Seconda FAQ. Questi vaccini, si dice, sono stati fatti in fretta e furia, non c’è stato il tempo per sperimentarli anni e anni come i precedenti, perché dovremmo fare da cavie per Big Pharma? Tutto vero, per carità, ma rispondete a questa semplice domanda: potevamo fare altrimenti? Potevamo aspettare che migliaia o milioni di persone morissero, oppure si doveva comunque cercare di sviluppare vaccini relativamente nuovi, perché elaborati a partire dalle ricerche su epidemie precedenti, e comunque scelti fra i tanti prodotti, escludendo quelli russo, cinese o cubano, che non davano sufficienti garanzie? Anche per ricostruire il ponte di Genova si è dovuto far presto, secondo un “modello Genova” che sarebbe rovinoso per la legalità se replicato fuori dall’emergenza: e allora? Evitiamo di passare sul nuovo ponte San Giorgio perché era più sperimentato il vecchio Morandi?
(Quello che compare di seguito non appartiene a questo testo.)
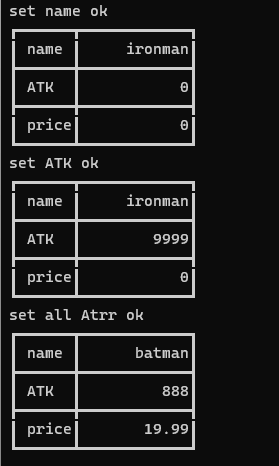 void setAtrr(Hero& hero, int ATK) { hero.ATK = ATK; cout << "set ATK ok" << endl; showAtrr(hero); }

Terza FAQ. I governi, dicono i renitenti a vaccini e green pass, il secondo giustamente percepito come una scorciatoia per contringere a fare i primi, limitano la nostra libertà, controllano i nostri movimenti, registrano i nostri dati: proprio come i social o Google Maps, verrebbe da aggiungere. Questa terza obiezione ha due versioni, una non convincente e una sì. Alla versione non convincente ho già risposto in passato, insieme con quasi tutti i costituzionalisti: la nostra Costituzione tutela sì la libertà ma anche la vita e la salute, ma vita e salute prevalgono – stare per dire ovviamente – in caso di conflitto. Alla versione convincente si deve invece concedere che sì, per colpa del Covid, della burocrazia e di internet, la nostra libertà si restringe ogni giorno che passa. Se non stiamo più che attenti, anche noi finiremo per essere sorvegliati come i cinesi.
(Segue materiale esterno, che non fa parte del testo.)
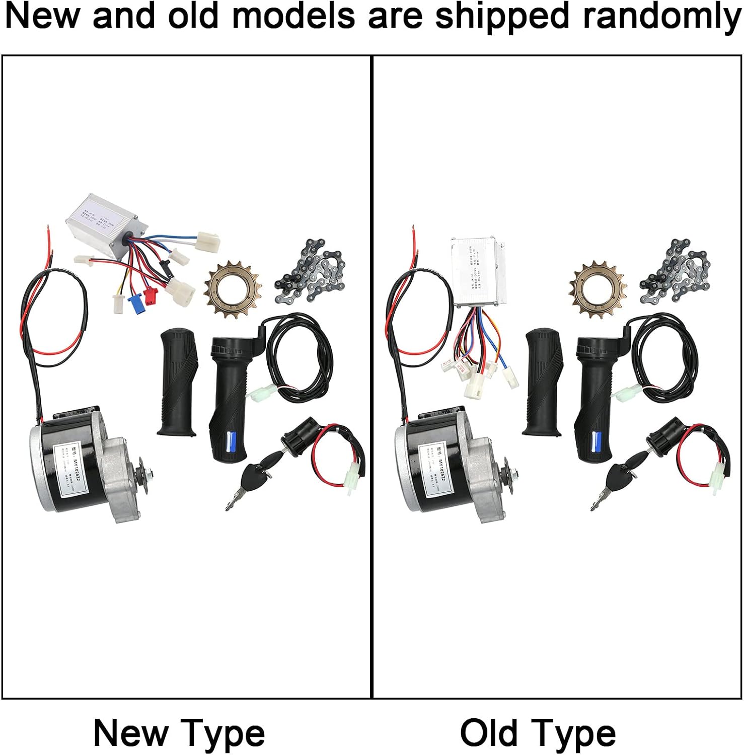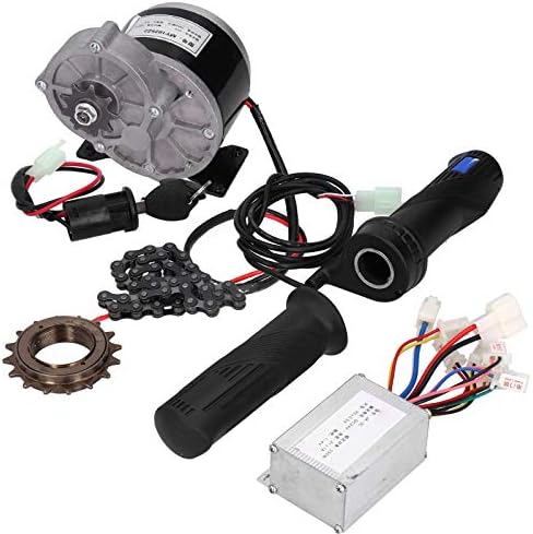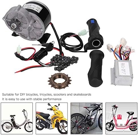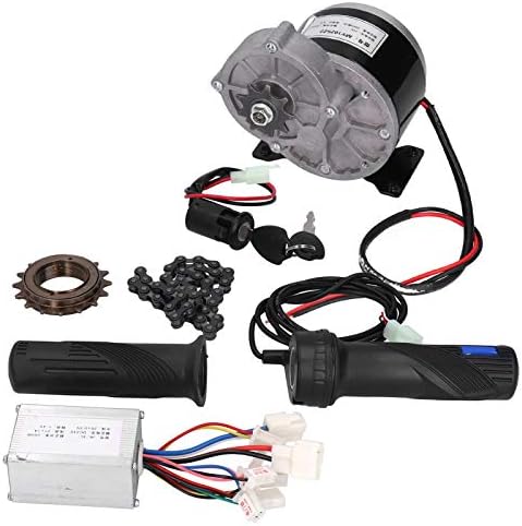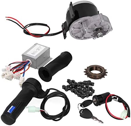 Ottimo accessorio: il kit controller spazzolato 24V 250W è molto pratico, adatto per biciclette fai-da-te, tricicli, scooter e skateboard. Kit completo: il kit del controller del motore con spazzole include 1 x motore, 1 x controller per spazzole, 1 catena a maglie da 38, 1 da 16 denti, 1 serratura elettrica, 2 chiavi e 2 manubri. Specifiche del prodotto: Tipo di articolo: kit controller motore; materiale: metallo; peso: ca. 3210,0 g/113,2 once; modello: MY1025Z2; tensione nominale: 24V; potenza nominale: 250 W; velocità nominale: 2950 RPM; rapporto di trasmissione: 8 : 9. Facile e comodo da usare: il controller del motore con spazzole per scooter è facile da usare con prestazioni stabili, che è buon sostituto per quello vecchio o Guscio in alluminio premium: il controller del motore da 24 V 250 W con guscio in lega di alluminio, che può proteggere il circuito interno e ha una buona dissipazione del calore, che può evitare efficacemente il sovraccarico termico e quindi danneggiare il dispositivo.

Queste tre, forse, sono le FAQ più serie: altre neppure le nomino, un po’ per non annoiarvi, un po’ per non alimentare altre fake news o complottismi vari. Vorrei insistere ancora, però, che libertà, vita e salute sono le cose più personali e preziose che ognuno di noi possiede, ed è perfettamente legittimo che su cose così delicate, direi proprio sacre se mai esiste qualcosa di sacro, ognuno di noi possa pensarla diversamente, esprimere il suo pensiero senz’essere dileggiato e ottenere le risposte, insufficienti, che mi sono sforzato di dare. Beninteso, con due soli limiti. Il primo è evitare di danneggiare altri: ma a questo devono pensare i governi e le leggi, anche imponendo obblighi vaccinali e green pass, se occorre. Il secondo, ma per me non meno importante, è conservare la propria onestà intellettuale.